Ci dirigiamo alle chiese fortificate di Prejmer e Harman. Abbiamo letto che quella di Prejmer conserva una Cittadella, le cui mura difensive esterne sono le più spesse mai costruite intorno alle chiese Sassoni (fonte Lonely Planet) e che entrambe sono state dichiarate dall’Unesco Patrimonio dell’Umanità. Scegliamo di visitare prima Prejmer. Si rivela una sorpresa!. L’accesso alla Cittadella è un lungo passaggio acciottolato, dalla bassa volta. Si sbuca in un cortile al cui centro si trova una chiesa in stile gotico. La cosa che ci colpisce di più è che nelle mura circolari che la circondano trovano posto ben 270 piccole stanzette, disposte su quattro piani, che fungevano sia da rifugio sia per stiparvi le provviste necessarie per resistere agli assedi. In alcune stanzette al livello inferiore hanno allestito un piccolo muso e la “Old School”, completa di cattedra, lavagna, banchi...
Quando lasciamo il complesso sono le 13 e iniziamo a sentire i morsi della fame. Giriamo avanti e indietro lungo la strada principale, senza scorgere alcun locale, così decidiamo di provare ad Harman, che dista pochi chilometri.

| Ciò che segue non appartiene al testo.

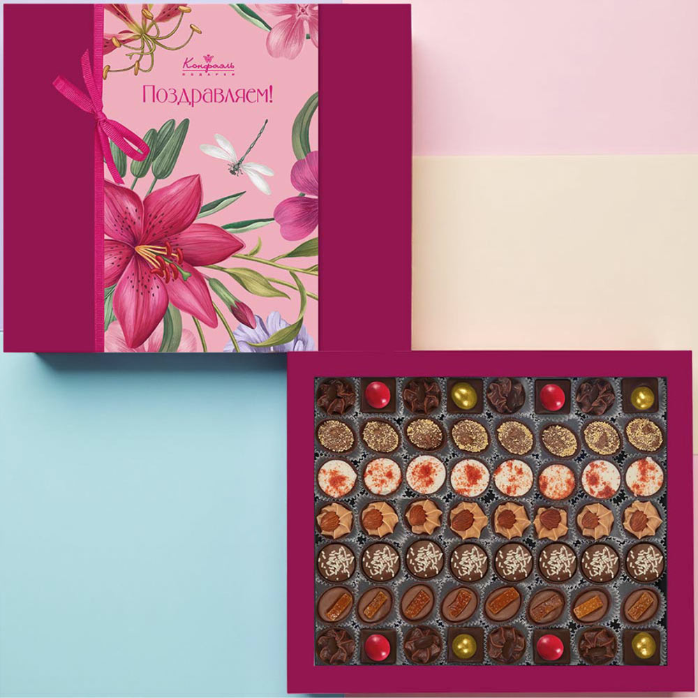 Состав: шоколад – сахар, какао тёртое, масло какао, сыворотка молочная сухая, сухое цельное молоко, эмульгатор (лецитин соевый), ароматизаторы; начинки – сахар, патока, какао-масло, какао тертое, молоко сгущенное (молоко цельное, сахар (сахароза, лактоза)), жир специального назначения (масло ши, рапсовое масло, соевое масло, антиокислитель (лимонная кислота)), молоко сухое цельное, молоко сухое обезжиренное, белый шоколад (сахар, молоко сухое цельное, масло какао, эмульгатор (лецитин соевый), ароматизатор, соль), масла растительные рафинированные дезодорированные (подсолнечное, рапсовое, оливковое; масло сладко-сливочное, молоко сухое обезжиренное), малина, ежевика, черника, брусника, пюре яблок, малина сублимированная, кранч «Апельсин», паста из кофе (кофе, растительный жир), цукаты апельсиновых корочек, ананас сушеный, клюква сушеная, ядра орехов миндаля, фундук жареный тертый, марципановая масса, соль, какао-порошок, стабилизаторы (мальтодекстрин), коньяк (дистиллят коньячный, вода, сахар, пищевой краситель (сахарный колер)), спирт этиловый ректификованный, консервант (сорбиновая кислота), антиоксидант (экстракт розмарина), загуститель (пектин), регулятор кислотности (лимонная кислота), эмульгаторы (лецитин соевый, Е471), ароматизаторы; декор – пищевые красители (кандурин золотой, кандурин красный янтарь), глазирователь (капол). Внимание! Продукция производится на предприятии, где используются арахис, кунжут, орехи, яичные и молочные продукты, злаки, содержащие глютен.

Arrivati in paese troviamo subito la Cittadella dalle candide mura, dalle quali svetta la bianca torre campanaria della chiesa. Ci fermiamo a fotografarla. Poi ci guardiamo intorno alla ricerca di un posto dove pranzare, ma non ne troviamo, pur avendo percorso su e giù diverse strade. Stupiti lasciamo il paese. In quello successivo, Sanpetru, scoviamo casualmente l’insegna “Hotel Bielman”. Knut inchioda, io scendo dalla moto ed entro nel locale. Chiedo se è possibile pranzare e, avuto un cenno d’assenso da una cameriera, esco ad avvertire Knut. Meno male perché cominciavamo a disperare. Il posto è piacevolissimo. Ci fanno strada nel giardino, punteggiato da parecchi gazebo nei quali diverse persone, in costume da bagno, stanno pranzando. Ci accomodiamo ad un tavolo sotto un portico, osservando la gente che mangia o prende il sole e i bambini che sguazzano in una piscina. Come antipasto mangio delle deliziose zucchine impanate e fritte, per niente unte, accompagnate da una salsa tipo tzaziki. Me le ricordo ancora! Ordiniamo anche due secondi e il dolce. Tiriamo in lungo il pranzo, oziando al fresco. Poi ritorniamo a Brasov lungo strade secondarie. Arrivati e parcheggiata la moto nel garage di ieri torniamo all’appartamento. Fa piuttosto caldo, quindi rimaniamo a casa a sistemare le foto, importandole sul computer, e a leggere. Verso le 18,00 ci riaffacciamo sulla via pedonale e andiamo a zonzo senza meta. Un aperitivo in un baretto carino in una via secondaria, poi per cena la scelta cade su un locale coi tavoli all’aperto, il “Ristorante Ungherese”. Dopo cena torniamo verso casa, sono stanca e ho freddo. Mi sono scordata che dopo il tramonto la temperatura cala rapidamente. Ci fermiamo allo stesso bar della sera precedente, dove so che posso drappeggiarmi una coperta sulle spalle. Mentre sorseggio un Irish coffee osservo ancora una volta la gigantesca scritta Brasov, che campeggia, brillante di luci, in cima al monte Tampa. Avessimo avuto più tempo mi sarebbe piaciuto salirci con la funivia. Mi consolo pensando che potremo sempre tornare. La Romania non è in capo al mondo!